The downside to this is, of course, that the new characters already have a strike against them just for being new. That they would suddenly be the screaming lunatics of the group will likely get old very fast with many viewers. Of course, nobody much is expecting the Woodbury group to be around for the long haul.
It forces the cast to leave the prison
Another reason that the walkers had seemed like a manageable threat last year is that the prisoners went on only a couple of supply runs. During that time, they got enough weapons and baby formula to hole up inside the prison for a long while, which was necessary since the threat of the Governor and the Woodbury Army (remember them?) was always looming.
But now, they've not only got the baby relying on them, but dozens of others. Many of them are likely infirm and incapable of joining the group in the hunt, especially because the Governor wanted every able-bodied man to come with him to take on Rick and the group. By bringing these characters into the fold, Rick has created a situation where he and his stronger group members will have to provide for them--which means going off-campus more often to scavenge, loot and hunt.
But the more time they spend outside the fortified walls of the prison, the more frequently they'll come eye to bloodshot eye with the walkers. There are bound to be some casualties associated with a new standard of living that includes heading back out to Woodbury a dozen times to get people's clothes and food shipped back, or heading out into the woods to hunt the largest game you can to provide for thirty-seven hungry mouths.
David Morrissey is a series regular again next season, which means he'll likely be in almost every episode. If he's going to be skulking around the periphery waiting for his chance to strike, it's going to be important that he remains a part of the conversation so that his attack doesn't feel random. If he's mostly forgotten by the time he comes back, it might feel like a cheap shock instead of a natural story development.
Having people around who knew "Philip" back when he was semi-sane--and some of whom might even compare him favorably to current leadership--will by necessity keep the specter of the Governor hovering over the place.
It gives Rick and company plenty of human shields/Redshirts
Let's be honest - part of the reason you want walkers to be a bigger threat is because people get a thrill out of seeing the creative and horrifying ways that people kill walkers and walkers kill people. But as you whittle the cast down to the bare essentials throughout season three, many fans were left looking at the prison group and saying, "Please don't kill anyone! I love them all!"

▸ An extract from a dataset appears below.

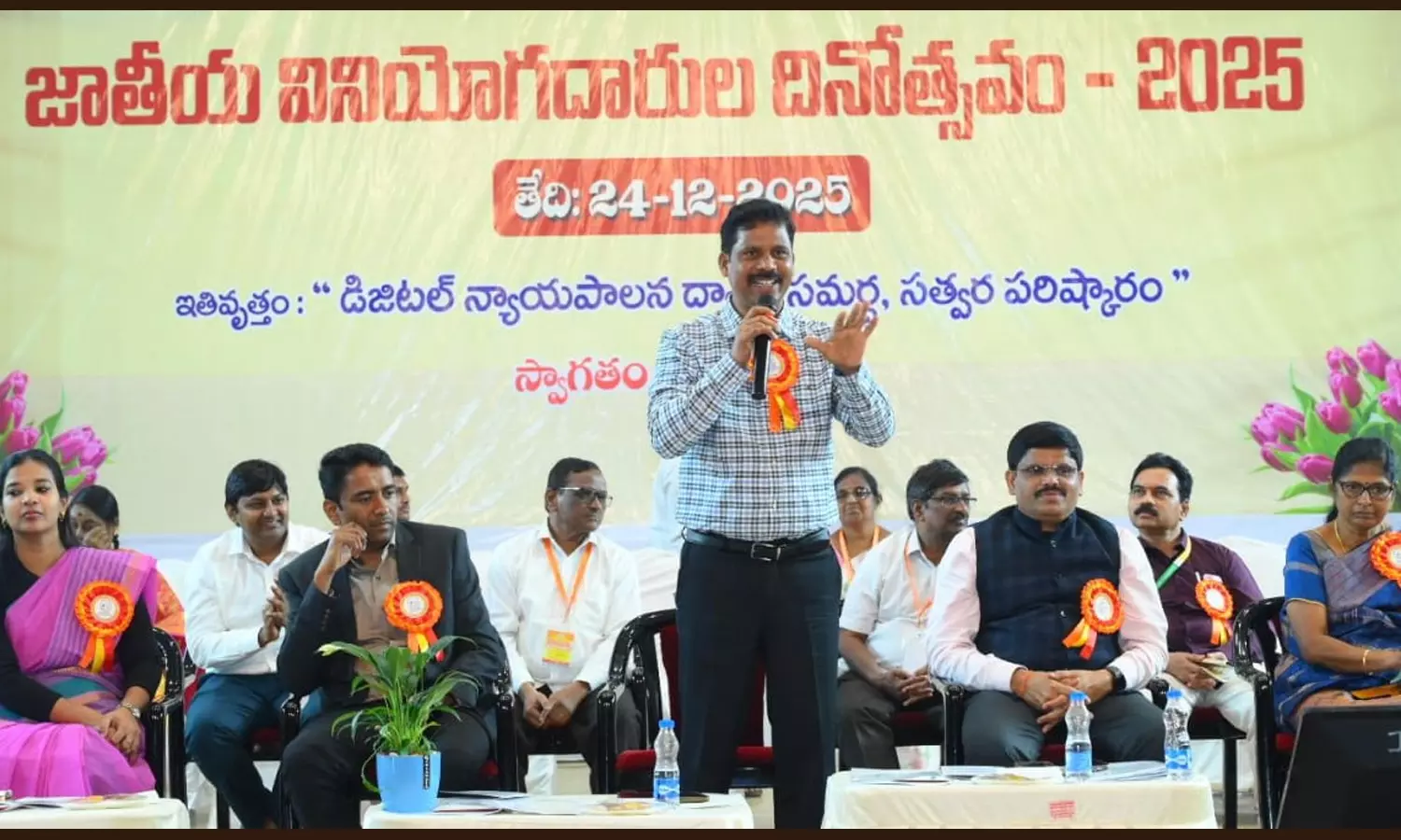 విజయవాడ: వినియోగదారులు తమ హక్కులపై అవగాహన కలిగి ఉండటంతోపాటు డిజిటల్ లావాదేవీలపై అప్రమత్తంగా ఉండాలని రాష్ర్ట పౌర సరఫరాల సంస్థ వైస్ చైర్మన్, మేనేజింగ్ డైరెక్టర్ ఎస్.ఢిల్లీ రావు తెలిపారు. జాతీయ వినియోగదారుల దినోత్సవం-2025 సందర్భంగా స్థానిక తుమ్మలపల్లి కళా క్షేత్రంలో బుధవారం రాష్ట్ర స్థాయి వేడుకలను ‘డిజిటల్ న్యాయపాలన ద్వారా సమర్థ సత్వర పరిష్కారం’ అనే థీమ్ తో ఏర్పాటు చేశారు. ఈ కార్యక్రమానికి ముఖ్య అతిధిగా హాజరైన ఢిల్లీ రావు మాట్లాడుతూ, ప్రముఖ తత్వవేత్త సోక్రటీస్ పేర్కొన్న విధంగా ప్రశ్నించే తత్వాన్ని ప్రతి వినియోగదారుడు కల్గి ఉండాలన్నారు. వినియోగదారుల కోర్టుల (Consumer Courts) తీర్పులు వేగంగా, సమర్థవంతంగా వెలువడటంలో డిజిటల్ పద్ధతుల ప్రాముఖ్యతను వివరించారు. పెరుగుతున్న సాంకేతికతతోపాటు వినియోగదారులకు ఇబ్బందులు కూడా ఏర్పడుతున్నాయన్నారు.

The arrival of the Woodbury survivors suddenly means that you've got a built-in supply of cannon fodder extras who can die, maybe more than one at a time, when the Governor rides a tank through the prison walls or a swarm of walkers makes their way up from the Tombs. As they did with Axel, the writers can give the Woodbury mark a little character development first to make the fans care--and then take them out, leaving a bit of shellshock.
At the core of the finale last week was the conflict between Rick and his son Carl, who is growing into a man right before Rick's eyes--an unbalanced and somewhat violent man.
Carl killed a Woodbury soldier who was in the process of surrendering, earning him a spot on Santa Hershel's naughty list, and then proceeded to insult Rick's decision-making skills when his action was questioned. Andrew Lincoln, who plays Rick, has said that relationship will be at the core of a lot of season four, and having a constant reminder around that his father is "too soft," Carl will likely spend a lot of that time just seething and ready to burst.